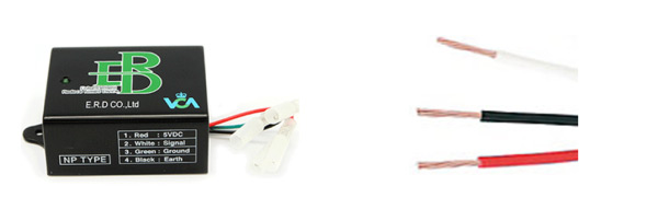 ④ 자동차 키를 OFF 한 뒤, 순서①의 ERD보조선과 5V,S선,G선으로 구분된 3항 차량 배선의 벗겨 낸 부위를 각각 T자 형태로 확실하게 연결하고, 절연 전기 테이프로 완벽하게 감아준 후, 이알디 제품 본체의 배선 캡과 보조선의 캡을 연결하면 설치가 완료됩니다
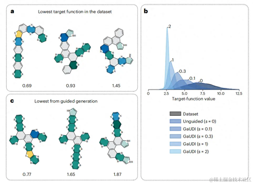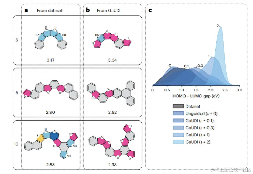 GaUDI 能够提出具有所需特性的新分子,甚至超出初始训练集中的特性,有助于加速许多感兴趣领域的分子设计和发现,包括但不限于有机电子学和光电子学。
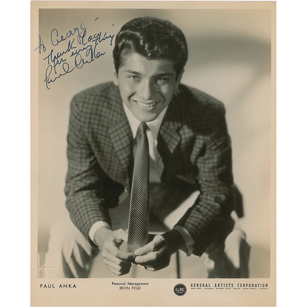 Vintage glossy 8 x 10 General Artists Corporation publicity photo of the young Anka, signed and inscribed in fountain pen, "To George—Thank you for everything, Paul Anka.” In fine condition.
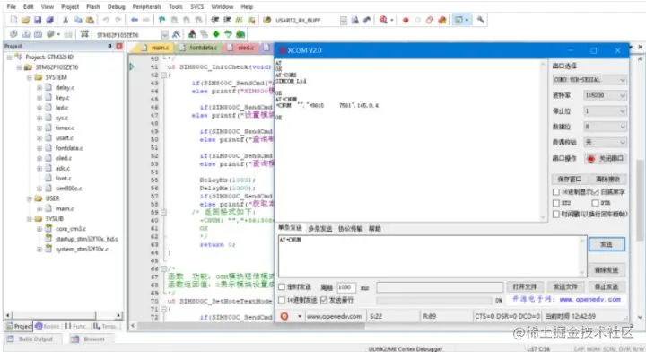 (2)SIM800C的TX脚接单片机的RX脚
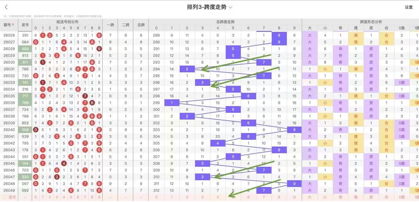 10期内跨度走势为:9-6-4-8-5-3-7-3-9-7,10期内大小跨比为7:3,奇偶跨比7:3,百期内跨度7共开出12次,下期数据:7 2 2 6 5 9 5 8 2 3 3 近期较热,考虑跨度7开出后容易出大跨度,近期大小规律下小:偶:合,所以接下来继续大跨,偶跨度表现!
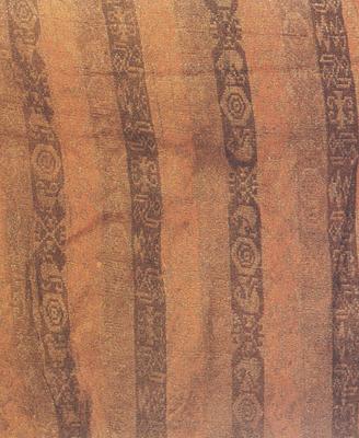 释义 | 凤鸟凫几何纹锦 ◎经线提花锦/战国中期 1982年湖北江陵马山1号楚墓出土 幅宽49~50厘米 幅边0.6厘米 厚0.33毫米 经密每厘米112根 纬密每厘米38根 花纹经向长7.2厘米 纬向宽20.5厘米/湖北省荆州地区博物馆藏 ●战国时期的文化以楚国尤为发达。 在大量的楚墓出土的作品中,凤鸟图案被广泛地使用。已往的凤鸟非常流畅舒展,或盘旋翱翔,或亭亭玉立,而这件提花锦则完全是以规则的几何式样擢升为主题的。以凤鸟、凫(野鸭)和几何纹饰组成12行条纹图案,整体作条形分布,细部复杂多变,规则中见变化。如果说凤鸟图案和图腾崇拜、神秘幻想有关的话,那么野鸭纹样则是人们逐渐面向自然的结果。 几何形纹样与凤鸟、野鸭纹样相间,构成了规则、严谨的装饰图案。运用含蓄的色彩对比关系,纹样形象时隐时现,给人以宁静、朦胧之感。 这件作品以线条、块面组成几何纹,符合美的法则,诸如韵律、节奏、对比、重复,装饰效果极佳。这些足以说明作者们的匠心和高超技艺。 |
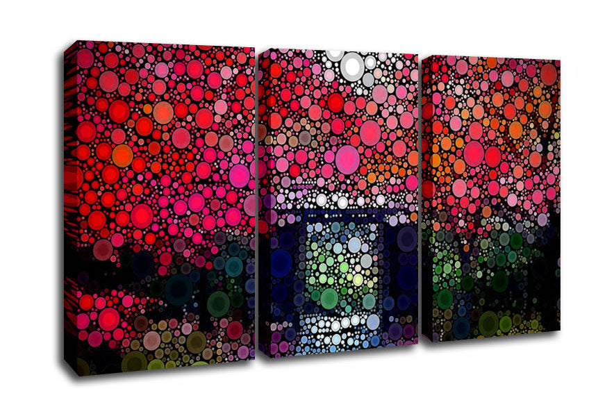 Circles In The Garden 3 Panel Canvas Print handmade in the UK. Stretched over a 2 inch thick wooden box frame, ready to hang on your wall.
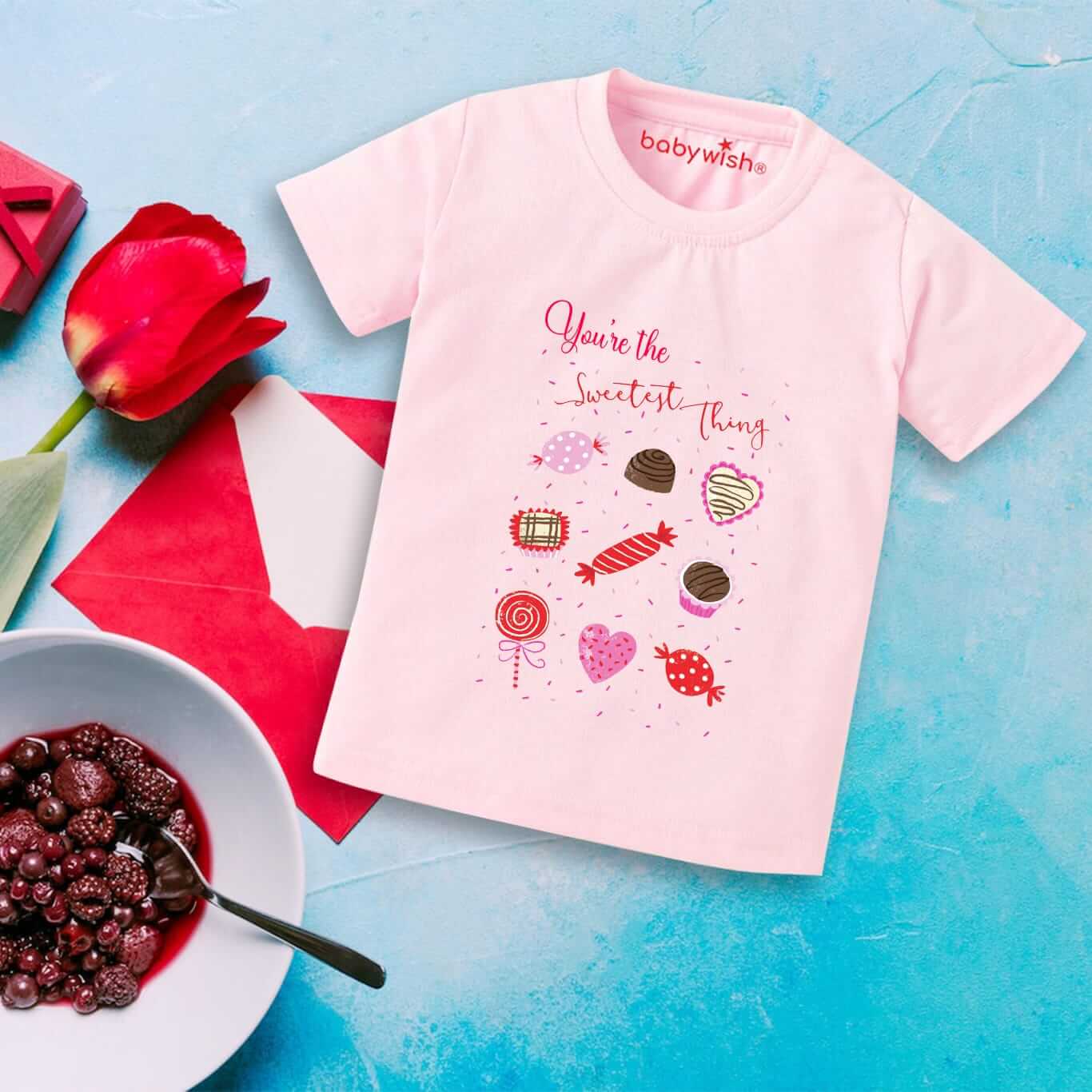 Valentine’s Day T-shirt for Kids | Unisex Valentine Topwear Outfit | Printed Half Sleeve T-shirt Dress for Boys & Girls “You Are the Sweetest Things” | Cute Gift for Kids

# WHAT YOU WILL DO
Copy out the entries verbatim, but skip every picture.

# RESPONSE TO THE TASK
 ④ 자동차 키를 OFF 한 뒤, 순서①의 ERD보조선과 5V,S선,G선으로 구분된 3항 차량 배선의 벗겨 낸 부위를 각각 T자 형태로 확실하게 연결하고, 절연 전기 테이프로 완벽하게 감아준 후, 이알디 제품 본체의 배선 캡과 보조선의 캡을 연결하면 설치가 완료됩니다
 GaUDI 能够提出具有所需特性的新分子,甚至超出初始训练集中的特性,有助于加速许多感兴趣领域的分子设计和发现,包括但不限于有机电子学和光电子学。
 Vintage glossy 8 x 10 General Artists Corporation publicity photo of the young Anka, signed and inscribed in fountain pen, "To George—Thank you for everything, Paul Anka.” In fine condition.
 (2)SIM800C的TX脚接单片机的RX脚
 10期内跨度走势为:9-6-4-8-5-3-7-3-9-7,10期内大小跨比为7:3,奇偶跨比7:3,百期内跨度7共开出12次,下期数据:7 2 2 6 5 9 5 8 2 3 3 近期较热,考虑跨度7开出后容易出大跨度,近期大小规律下小:偶:合,所以接下来继续大跨,偶跨度表现!
 释义 | 凤鸟凫几何纹锦 ◎经线提花锦/战国中期 1982年湖北江陵马山1号楚墓出土 幅宽49~50厘米 幅边0.6厘米 厚0.33毫米 经密每厘米112根 纬密每厘米38根 花纹经向长7.2厘米 纬向宽20.5厘米/湖北省荆州地区博物馆藏 ●战国时期的文化以楚国尤为发达。 在大量的楚墓出土的作品中,凤鸟图案被广泛地使用。已往的凤鸟非常流畅舒展,或盘旋翱翔,或亭亭玉立,而这件提花锦则完全是以规则的几何式样擢升为主题的。以凤鸟、凫(野鸭)和几何纹饰组成12行条纹图案,整体作条形分布,细部复杂多变,规则中见变化。如果说凤鸟图案和图腾崇拜、神秘幻想有关的话,那么野鸭纹样则是人们逐渐面向自然的结果。 几何形纹样与凤鸟、野鸭纹样相间,构成了规则、严谨的装饰图案。运用含蓄的色彩对比关系,纹样形象时隐时现,给人以宁静、朦胧之感。 这件作品以线条、块面组成几何纹,符合美的法则,诸如韵律、节奏、对比、重复,装饰效果极佳。这些足以说明作者们的匠心和高超技艺。 |
 Circles In The Garden 3 Panel Canvas Print handmade in the UK. Stretched over a 2 inch thick wooden box frame, ready to hang on your wall.
 Valentine’s Day T-shirt for Kids | Unisex Valentine Topwear Outfit | Printed Half Sleeve T-shirt Dress for Boys & Girls “You Are the Sweetest Things” | Cute Gift for Kids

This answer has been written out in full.